MATERIAL FOR THE TASK Start Marker
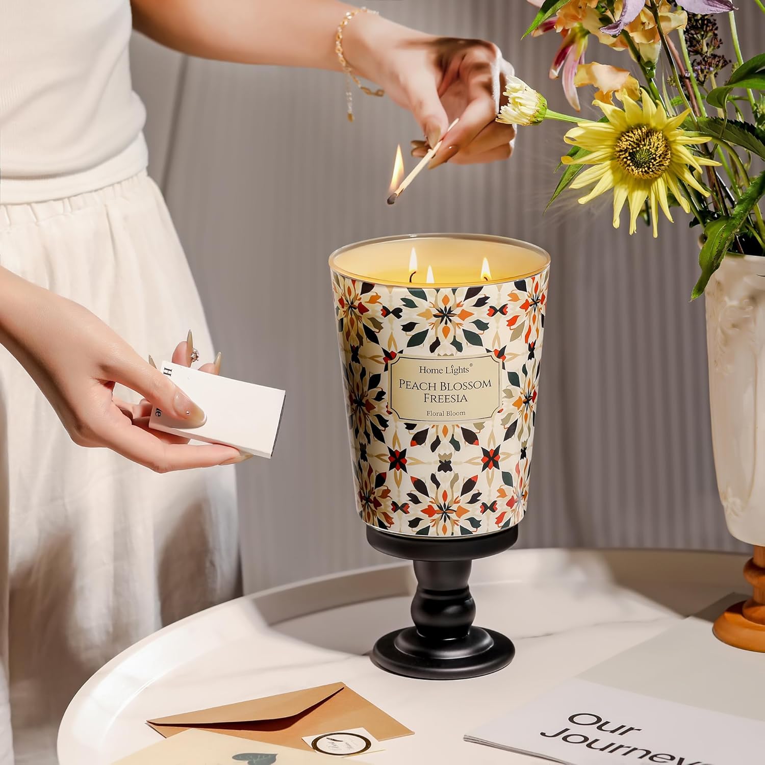 HomeLights 3-Wick Candles for Home Scented - 34oz Soy Wax Blend Candle Long-Lasting Fragrance, Bohemian Natural Textures Home Decor and Housewarming Gifts, Peach Blossom Freesia
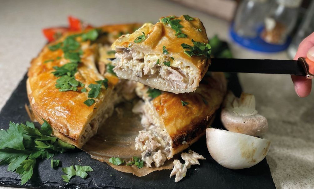 Шеф-повар дает рецепт пирога, который приготовит даже брутал Нежданные гости – тот еще квест для хозяйки или хозяина. Но если в морозилке завалялись пачка слоеного теста и мясной фарш, то можно приготовить мясной пирог на скорую руку. Его приготовление по силам даже тем, у кого руки «из тазобедренных суставов» растут. Для быстрого пирога понадобятся -слоеное бездрожжевое тесто – одна пачка (400 г); -фарш свино-говяжий – 400 г; -помидорки черри – 150 г; -репчатый лук– 1 шт.; -чеснок – 3-4 зубчика; -сыр моцарелла – 150 г; -сыр твердый – 100 г; -яйца куриные – 2 шт.; -сливки 10 % – 200 мл; -соль, перец, мускатный орех – по вкусу. СОВЕТ. Для приготовления «быстрого» пирога лучше взять разъемную либо стеклянную форму. ШАГ 1. Стол необходимо присыпать мукой и выложить на него лист размороженного слоеного бездрожжевого теста. Тесто надо раскатать так, чтобы оно подошло точно по размеру формы. ШАГ 2. Смажьте растительным маслом форму для выпечки, и уложите внутрь тесто, заворачивая его на неб
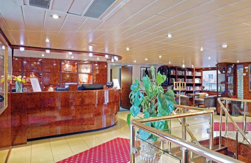 Treten Sie ein in das elegante Foyer der Sans Souci, das mit einer einladenden Lobby, einer Rezeption und einer gemütlichen Bord-Bibliothek aufwartet. Hier können Sie sich entspannen und in den vielfältigen Büchern schmökern, während Sie die Reise genießen. Die Panorama-Lounge ist rundum verglast und bietet einen herrlichen Ausblick auf die vorbeiziehende Landschaft. Lassen Sie sich von der Schönheit der Flusslandschaften verzaubern, während Sie in dieser einladenden Lounge entspannen.
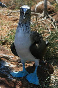 真っ青な足のアオアシカツオドリ。ひょこひょこ歩く姿がかわいい。ひょこひょこ歩くのは求愛ダンスという話も。人間を全く恐れない。
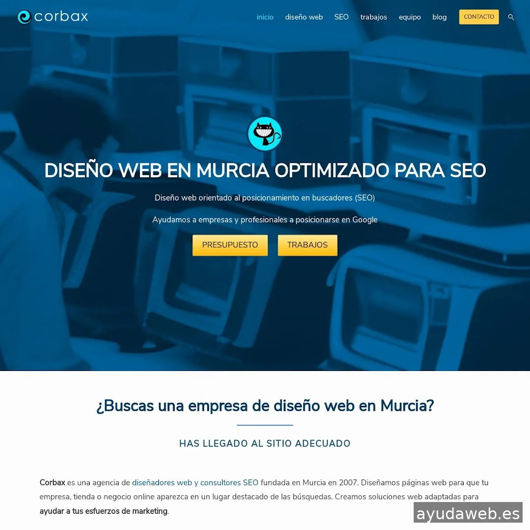 Diseñamos páginas web orientadas al SEO para ayudar a empresas y profesionales a posicionarse en Google. Somos diseñadores web y consultores SEO en Murcia desde 2007. Queremos diseñar tu web y que aparezca en un lugar destacado de las búsquedas. Trabajando contigo haremos una página web sencilla de gestionar, elegante y fácil de navegar. Adaptada a los mejores estándares web y continuamente actualizada a las últimas tecnologías. Pero nuestro trabajo no acaba en el diseño o actualización de tu página web. Además de poner a tu disposición una dilatada experiencia en diseño de páginas web en Murcia somos expertos en SEO y consultores de marketing online especializados en pequeños negocios, pymes y profesionales independientes.
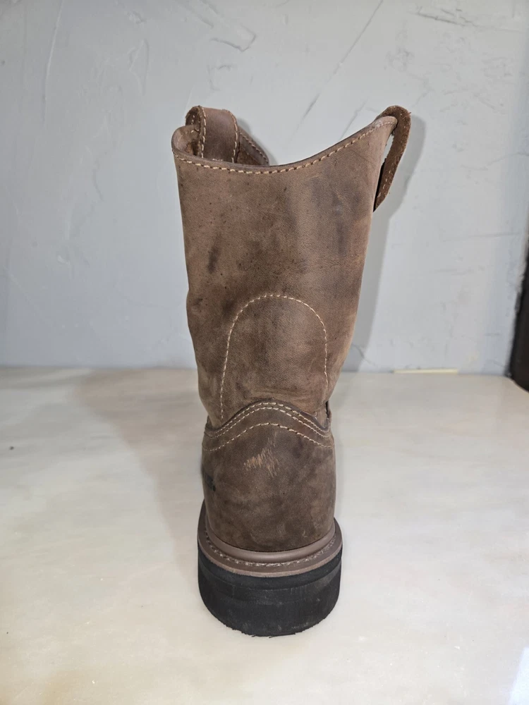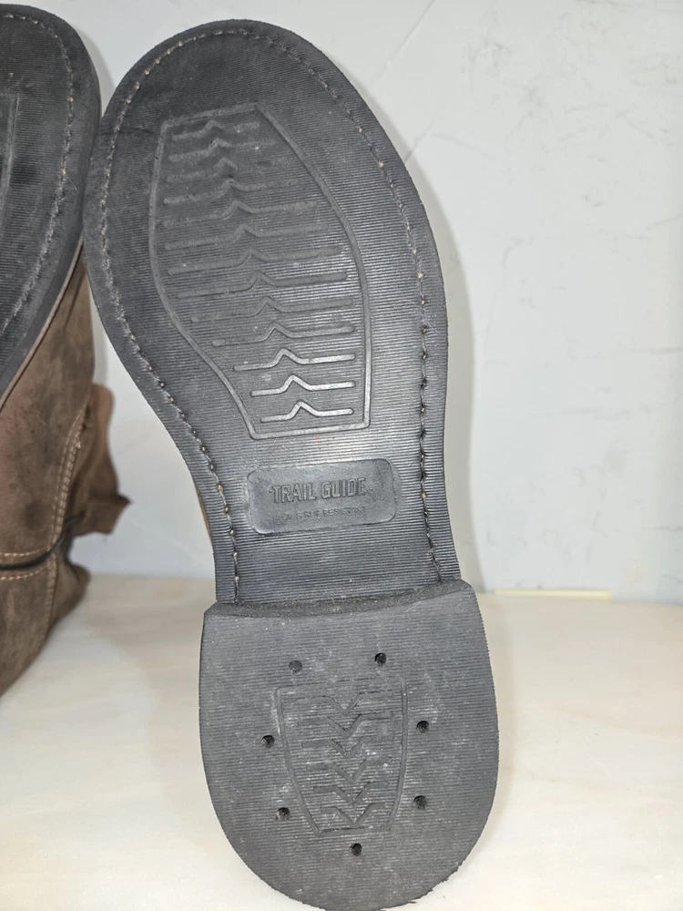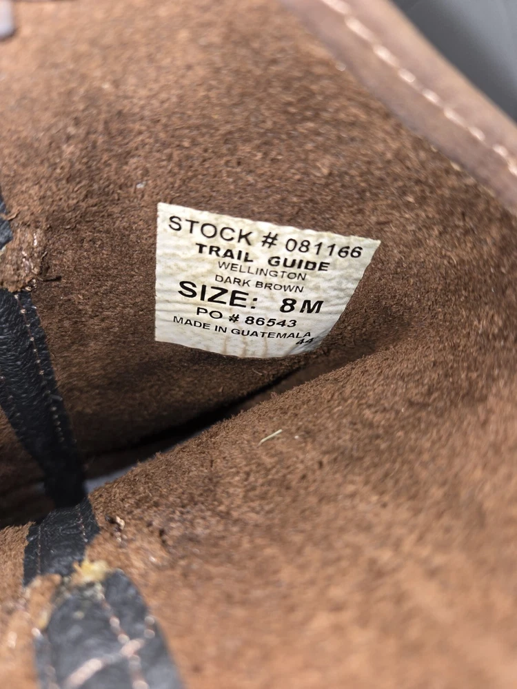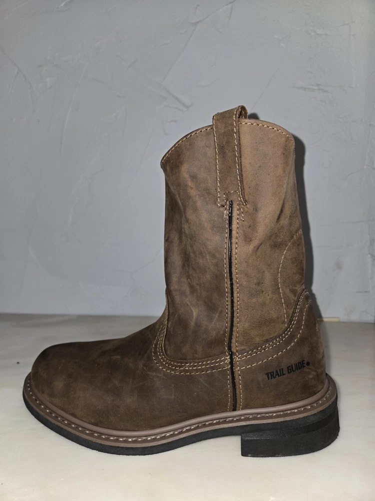 These Trail Guide Wellington leather workwear boots in dark brown with a round toe shape and pull-on closure, they're perfect for casual or workwear occasions. The boots feature pull-on tabs, slip-resistant and oil-resistant properties, making them ideal for winter, fall, and spring seasons. The mid-calf shoe shaft style and solid pattern. The boots are made of leather and have a foam insole material. They're available in men's size 8 and were manufactured in Guatemala. These boots are part of the Trail Guide product line and are perfect for those who love the motorcycle, equestrian, horse, work, or cowboy theme.
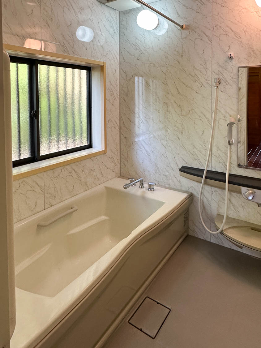 大きめの窓には縦格子が設けられているので、防犯面も安心。浴室換気扇も比較的きれいな状態でした。
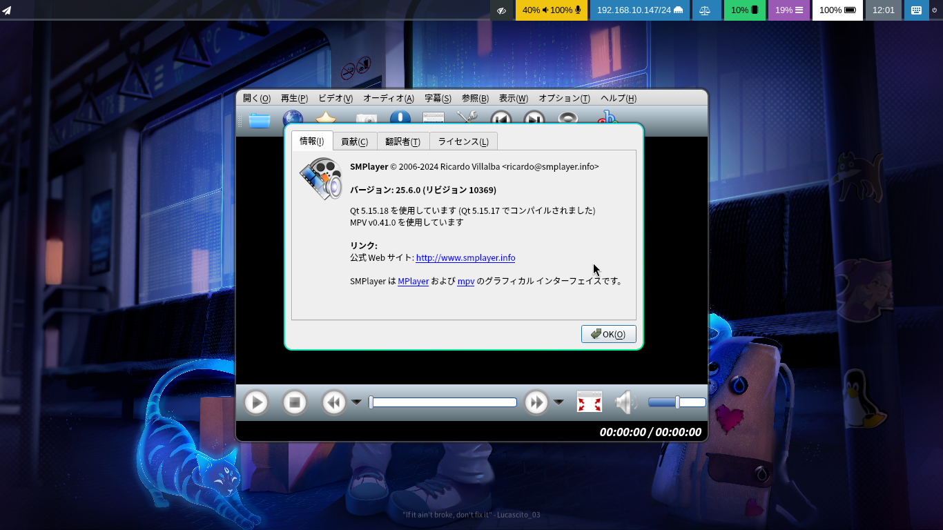 マルチメディアプレイヤーとして、「SMPlayer」を使用します。
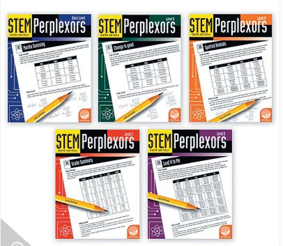 “Sharpen kids’ deductive reasoning skills with these challenging logic puzzles that feature popular STEM subjects. Each puzzle categorizes information and lists clues below. By using the “cross-out-and-circle” technique, kids will practice logical thinking in order to find the correct answer. Each book includes 50 full-page puzzles with solutions. Printed in the USA. Free orange tote bag with purchase.”
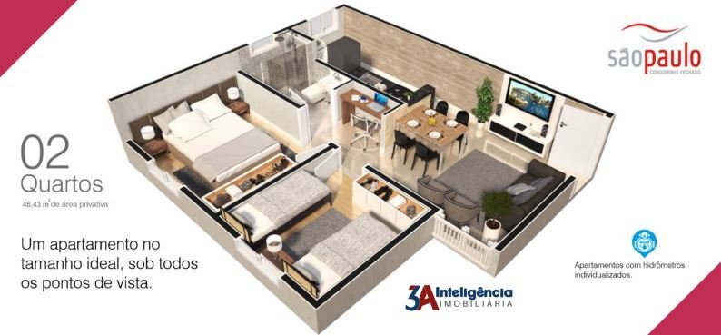 Excelente apartamento no Condomínio Residencial São Paulo na zona norte de Sorocaba. São 4 andares por torre e 4 apartamentos por andar. Preparação de ponto de ar condicionado no dormitório de casal. Previsão de entrega fevereiro/2024.
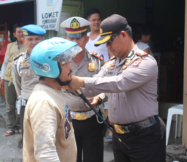 MANADO, Humas Polda Sulut – Polres Minahasa Selatan (Minsel) bagikan helm dan bunga kepada pengendara sepeda motor di Pusat Kota Amurang, tepatnya di pertigaan lampu merah BRI dan di depan Sakura Mart, Senin (21/03/2016). Sedikitnya 100 helm SNI dibagikan secara gratis kepada pengendara yang tidak menggunakan pengaman kepala ketika berkendara. Kegiatan ini dipimpin langsung oleh Kapolres Minsel AKBP Benny Bawensel, SIK, MH, sekaligus menandai berakhirnya pelaksanaan Operasi Simpatik 2016.
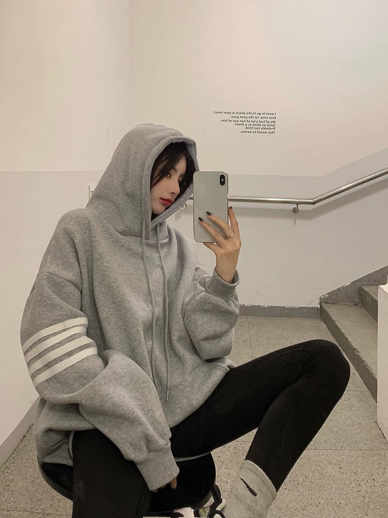 フード付きセーターコートの女性の秋と冬に加えて、ベルベットの厚みを増す2020新しいルーズシックな怠惰な白いトップ ブラックストロベリース66603356004
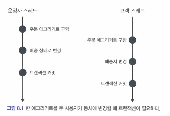 운영자와 고객이 동시에 한 주문 애그리거트를 수정할 때, 트랜잭션마다 리포지터리는 새로운 애그리거트 객체를 생성하므로 운영자 스레드와 고객 스레드는 같은 주문 애그리거트를 나타내는 다른 객체를 가져오게 된다.
MATERIAL FOR THE TASK End Marker
→ **YOUR TASK**
The records above should be returned exactly, with only their pictures held back.

→ **SOLUTION**
 HomeLights 3-Wick Candles for Home Scented - 34oz Soy Wax Blend Candle Long-Lasting Fragrance, Bohemian Natural Textures Home Decor and Housewarming Gifts, Peach Blossom Freesia
 Шеф-повар дает рецепт пирога, который приготовит даже брутал Нежданные гости – тот еще квест для хозяйки или хозяина. Но если в морозилке завалялись пачка слоеного теста и мясной фарш, то можно приготовить мясной пирог на скорую руку. Его приготовление по силам даже тем, у кого руки «из тазобедренных суставов» растут. Для быстрого пирога понадобятся -слоеное бездрожжевое тесто – одна пачка (400 г); -фарш свино-говяжий – 400 г; -помидорки черри – 150 г; -репчатый лук– 1 шт.; -чеснок – 3-4 зубчика; -сыр моцарелла – 150 г; -сыр твердый – 100 г; -яйца куриные – 2 шт.; -сливки 10 % – 200 мл; -соль, перец, мускатный орех – по вкусу. СОВЕТ. Для приготовления «быстрого» пирога лучше взять разъемную либо стеклянную форму. ШАГ 1. Стол необходимо присыпать мукой и выложить на него лист размороженного слоеного бездрожжевого теста. Тесто надо раскатать так, чтобы оно подошло точно по размеру формы. ШАГ 2. Смажьте растительным маслом форму для выпечки, и уложите внутрь тесто, заворачивая его на неб
 Treten Sie ein in das elegante Foyer der Sans Souci, das mit einer einladenden Lobby, einer Rezeption und einer gemütlichen Bord-Bibliothek aufwartet. Hier können Sie sich entspannen und in den vielfältigen Büchern schmökern, während Sie die Reise genießen. Die Panorama-Lounge ist rundum verglast und bietet einen herrlichen Ausblick auf die vorbeiziehende Landschaft. Lassen Sie sich von der Schönheit der Flusslandschaften verzaubern, während Sie in dieser einladenden Lounge entspannen.
 真っ青な足のアオアシカツオドリ。ひょこひょこ歩く姿がかわいい。ひょこひょこ歩くのは求愛ダンスという話も。人間を全く恐れない。
 Diseñamos páginas web orientadas al SEO para ayudar a empresas y profesionales a posicionarse en Google. Somos diseñadores web y consultores SEO en Murcia desde 2007. Queremos diseñar tu web y que aparezca en un lugar destacado de las búsquedas. Trabajando contigo haremos una página web sencilla de gestionar, elegante y fácil de navegar. Adaptada a los mejores estándares web y continuamente actualizada a las últimas tecnologías. Pero nuestro trabajo no acaba en el diseño o actualización de tu página web. Además de poner a tu disposición una dilatada experiencia en diseño de páginas web en Murcia somos expertos en SEO y consultores de marketing online especializados en pequeños negocios, pymes y profesionales independientes.
 These Trail Guide Wellington leather workwear boots in dark brown with a round toe shape and pull-on closure, they're perfect for casual or workwear occasions. The boots feature pull-on tabs, slip-resistant and oil-resistant properties, making them ideal for winter, fall, and spring seasons. The mid-calf shoe shaft style and solid pattern. The boots are made of leather and have a foam insole material. They're available in men's size 8 and were manufactured in Guatemala. These boots are part of the Trail Guide product line and are perfect for those who love the motorcycle, equestrian, horse, work, or cowboy theme.
 大きめの窓には縦格子が設けられているので、防犯面も安心。浴室換気扇も比較的きれいな状態でした。
 マルチメディアプレイヤーとして、「SMPlayer」を使用します。
 “Sharpen kids’ deductive reasoning skills with these challenging logic puzzles that feature popular STEM subjects. Each puzzle categorizes information and lists clues below. By using the “cross-out-and-circle” technique, kids will practice logical thinking in order to find the correct answer. Each book includes 50 full-page puzzles with solutions. Printed in the USA. Free orange tote bag with purchase.”
 Excelente apartamento no Condomínio Residencial São Paulo na zona norte de Sorocaba. São 4 andares por torre e 4 apartamentos por andar. Preparação de ponto de ar condicionado no dormitório de casal. Previsão de entrega fevereiro/2024.
 MANADO, Humas Polda Sulut – Polres Minahasa Selatan (Minsel) bagikan helm dan bunga kepada pengendara sepeda motor di Pusat Kota Amurang, tepatnya di pertigaan lampu merah BRI dan di depan Sakura Mart, Senin (21/03/2016). Sedikitnya 100 helm SNI dibagikan secara gratis kepada pengendara yang tidak menggunakan pengaman kepala ketika berkendara. Kegiatan ini dipimpin langsung oleh Kapolres Minsel AKBP Benny Bawensel, SIK, MH, sekaligus menandai berakhirnya pelaksanaan Operasi Simpatik 2016.
 フード付きセーターコートの女性の秋と冬に加えて、ベルベットの厚みを増す2020新しいルーズシックな怠惰な白いトップ ブラックストロベリース66603356004
 운영자와 고객이 동시에 한 주문 애그리거트를 수정할 때, 트랜잭션마다 리포지터리는 새로운 애그리거트 객체를 생성하므로 운영자 스레드와 고객 스레드는 같은 주문 애그리거트를 나타내는 다른 객체를 가져오게 된다.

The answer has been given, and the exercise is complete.